Identify crawlers in real time – PHP – Keep track of accessed files in memory
Legitimate spiders are great. It’s part of the web and I’m glad they visit my site.
Spiders crawling my site without authorization are bad and I want to get rid of them.
I have a PHP app that monitors my website access files. Each time a user with a suspicious UserAgent visits the site, the system checks the access logs for entries from the same IP address and makes a judgment about their behavior. If it’s not human, and I don’t authorize it, then it will be recorded and I may (or may not) take steps like blocking.
The way it works is that the process of checking for access files happens every time a page is loaded. I only check suspicious UserAgents, so the number of checks is kept to a minimum.
What I want to do is check every visit to the site (i.e. check the last 50 lines of the access file to see if it is related to that access IP). But this means that every child process processed by my web server wants to open an access log file. This sounds like a resource and I/O blocking nightmare.
Is there a way to “smear” an access.log file into some kind of central memory where all web processes can access it simultaneously (or at least very quickly). Maybe load it into Memcache or similar. But how do I do this in real time? So the last 500 lines of the access.log file are loaded into memory consecutively (but only 500 rows are deleted instead of increasing numbers).
So to put it simply: is there a PHP or Linux or “other” way to buffer ever-increasing files (i.e. nginx log files) into memory so that other processes can access the information at the same time (or at least read files on the hard drive faster than all the hard drives).
It is important to know that a well-written service will always be able to mimic the behavior of the browser, unless you do something very strange that will affect the user experience of legitimate visitors.
However, even complex crawlers have some measures to cope with:
… Referrer URL and UA string. These are easy to fake and some legitimate users don’t have generic ones. You get a lot of false positive/negative results, but not much.
Web servers like Apache or nginx have core or additional functionality to limit the request rate for certain requests. For example, you can allow a *.html page to be downloaded every two seconds, but not limit resources such as JS/CSS. (Keep in mind that you should also notify legitimate bots of delays through robots.txt).
Fail2ban does something similar to what you want to do: it scans log files for malicious requests and blocks them. It’s very effective against malware bots and should be able to be configured to handle crawlers (at least not too clever ones).
These are specifically to answer your questions, but there are others you can consider:
3。 Modify the content
This is actually a very interesting thing: sometimes, we make small (automatic) modifications to HTML pages and JSON feeds, which forces crawlers to adjust their parsers. Interestingly, we see stale data on their website for a few days until they catch it. Then let’s modify it again.
4。 Restrictions: Captcha and sign-in
In addition to web server-level throttling, we count the number of requests per hour per IP address. If there is more than a certain number (which should be enough for a legitimate user), each request to the API needs to resolve the CAPTCHA issue.
Other APIs require authentication, so they don’t even enter these areas.
5. Abuse Notices
If you regularly access an IP address or subnet, you can make WHOIS queries against the web service where they run the bot. Often, they have abusive contacts, and often those contacts are very eager to hear about policy violations. Because the last thing they want is to get blacklisted (and if they don’t cooperate, we’ll submit to them).

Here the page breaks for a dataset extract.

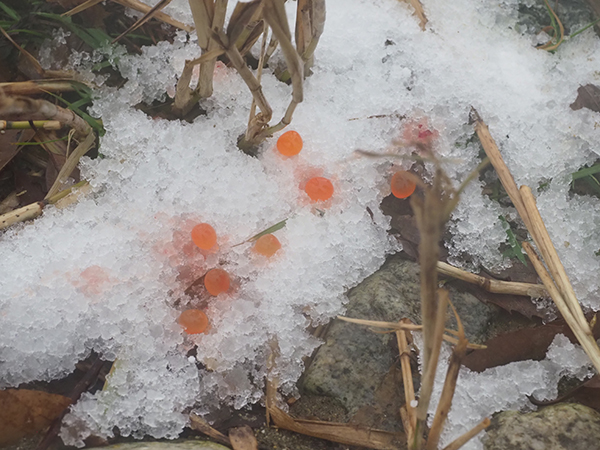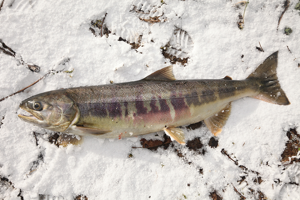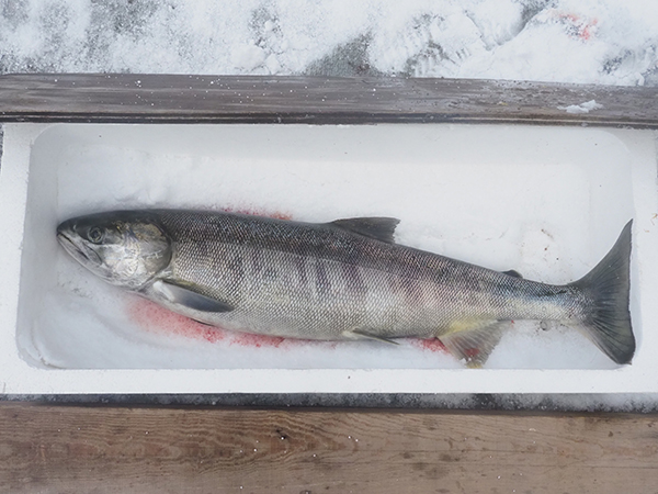 急いで走り寄ると、小さなメスのサケだった。もうほとんど卵を産み終えた後のホッチャレ(放っちゃれ、の意味からつけられた産卵後のサケの呼称)だったが、漁獲されたサケを見ることができた。さらにもう一匹、今度はふっくらと丸みを帯びた大型のメスが引き上げられた。雪面に卵が飛び散った。

Also, if you see ads on the crawler’s website, you should inform the ad network of the fact that they were being used to steal Material.
6。 IP bans
Obviously, you can block individual IP addresses. What we do is even block entire data centers, such as AWS, Azure, etc. A list of IP ranges for all of these services is available on the network.
Of course, if there are partner services that legally access your website from a data center, you have to whitelist them.
By the way, we do not do this in the web server, but at the firewall level (IPtables).
7. Legal Measures
After all, fighting a crawler is a “battle with a windmill” and can require a lot of effort. You won’t be able to stop all of them, but you should focus on the things that hurt you, for example. Waste your resources or earn money that is supposed to be yours.